The bills are similar to ones that went nowhere in the past, including when Democrats controlled state government. GOP lawmakers including Lazich think the current bills should go nowhere too.

“Granting redistricting power to an unelected, appointed board would do little to remove the redistricting process from the political realm,” wrote Lazich in an column run by the State Journal and Journal Sentinel. “Rather, it would merely move the political maneuverings to an unaccountable board, beyond the reach of the electorate.”

In other words: If you don’t like what the party in power does to make it harder to vote its members out, all you have to do is vote them out.

The response from State Journal readers helped answer the Janesville Gazette’s question. All 13 letters that ran the following Sunday sided with the paper and against Sen. Lazich, with some noting the irony of Lazich using the banner of democracy to deny a public hearing.

Milfred says preference is given to “publishing reader views that disagree with our editorial board’s positions,” but in this case not a single such letter was received. In fact, the paper got more letters supporting its position than it had space to run.

Several editorials urged citizens to contact the offices of Sen. Lazich and Rep. August, but neither office would say what sort of response it received. An aide to Rep. August said the office only tracks constituent contacts, then failed to provide information on these.

Sen. Lazich, through staff, did not respond to requests for an interview or to say whether the reaction made her reconsider.

But Milfred is optimistic that a hearing will be held: “With that many voices across the state supporting a hearing, I’d be surprised if they’d just blow that off.”

Bill Lueders is the Money and Politics Project director at the Wisconsin Center for Investigative Journalism (www.WisconsinWatch.org). The project, a partnership of the Center and MapLight, is supported by The Joyce Foundation.
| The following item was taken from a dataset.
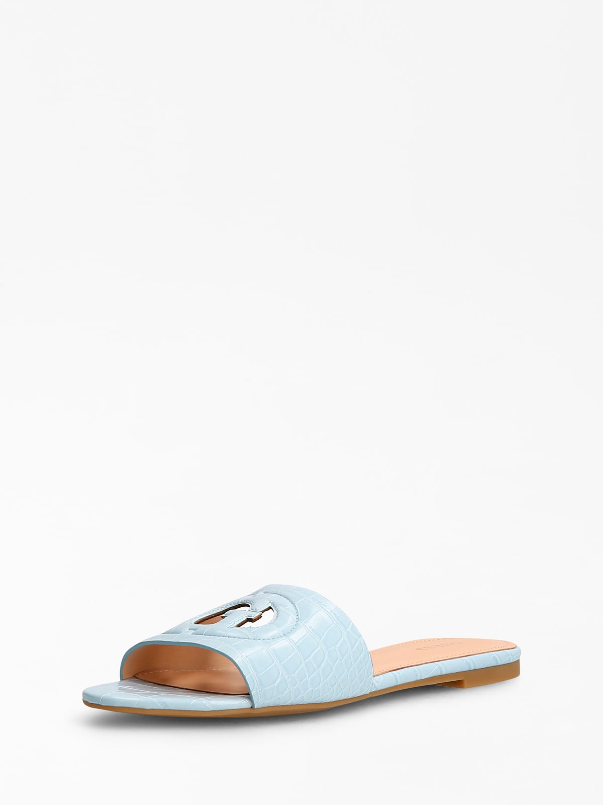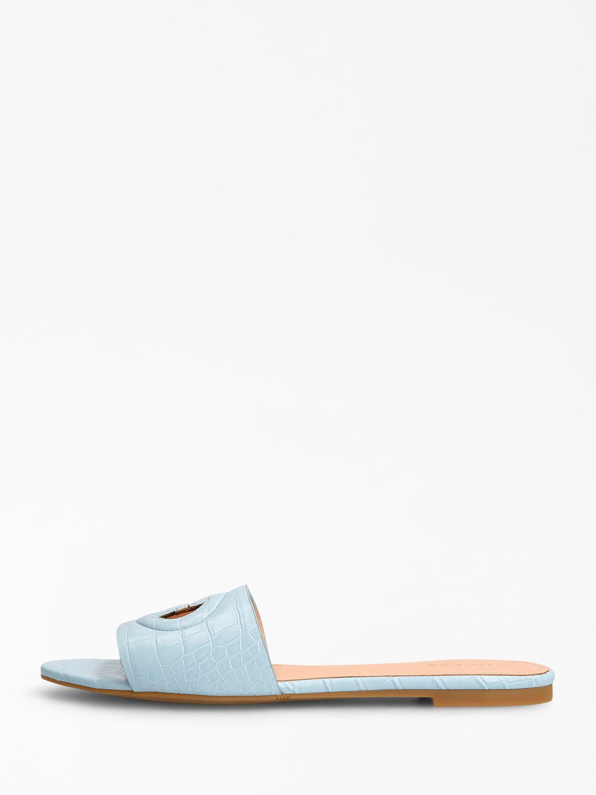 Guess Θαλασσί Παντόφλα Με Τρυπητό Λογότυπο

 The Center collaborates with Wisconsin Public Radio, Wisconsin Public Television, other news media and the UW-Madison School of Journalism and Mass Communication. All works created, published, posted or disseminated by the Center do not necessarily reflect the views or opinions of UW-Madison or any of its affiliates.
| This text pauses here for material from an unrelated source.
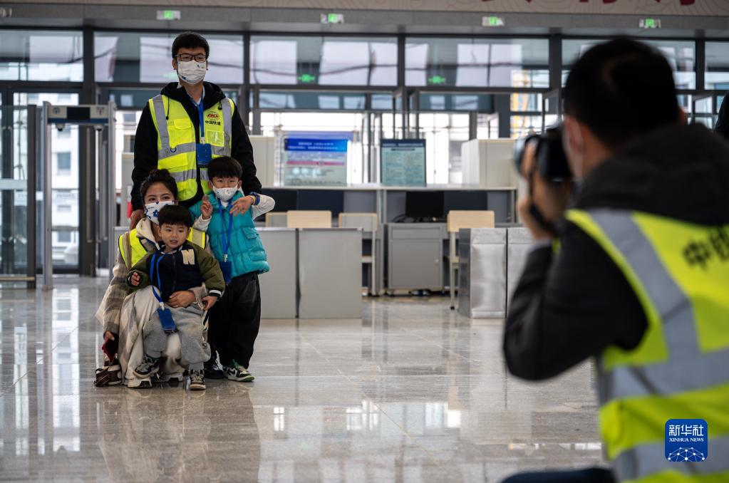 12月14日,鐵路建設者及家屬在彌蒙高鐵紅河站合影留念。

6 thoughts on “We Want Redistricting Reform!”

  1. Scott says:

    Liberals always want something

  2. Scott says:

    When do the recalls start up again?

  3. Bruce Thompson says:

    Perhaps democracy? Actually at some point Democrats will return to power and then Republicans will wish they supported this when they had a chance.

  4. Andy says:

    All this would do is move the politics to a level that’s less controlled by the voter… I’d assume this board is appointed by politicians… so the more politicians voted in by a party, the more members they’d appoint to the board. This just means the same things would take place, but over a longer period of time and make it more difficult to undo.

    What about a system with some checks and balances? Perhaps a system where both parts of the state government AND judicial approval or appointed board must approve it? Something to add the layers of approval to get it passed.

  5. e says:

    “All this would do is move the politics to a level that’s less controlled by the voter… ”

    False. Just look at Iowa, as referenced in the article. They have 4 districts that vary by up to 84 people, tilt no more than a few points in either partisan direction, and follow natural county lines. Only neutral criteria are used (e.g., it doesn’t matter if the map pits 2 incumbents against each other). The proposed maps receive large bipartisan support because they are fair and unbiased. It is a far superior system that is fair to voters, despite your attempted scare tactics

  6. Kyle says:

    Andy – State government and judicial approval? Isn’t the the system we already have, where one side draws the new districts, and the other side sues to stop them? Or are you proposing putting that role in an official capacity (which would probably still prompt a round of lawsuits)?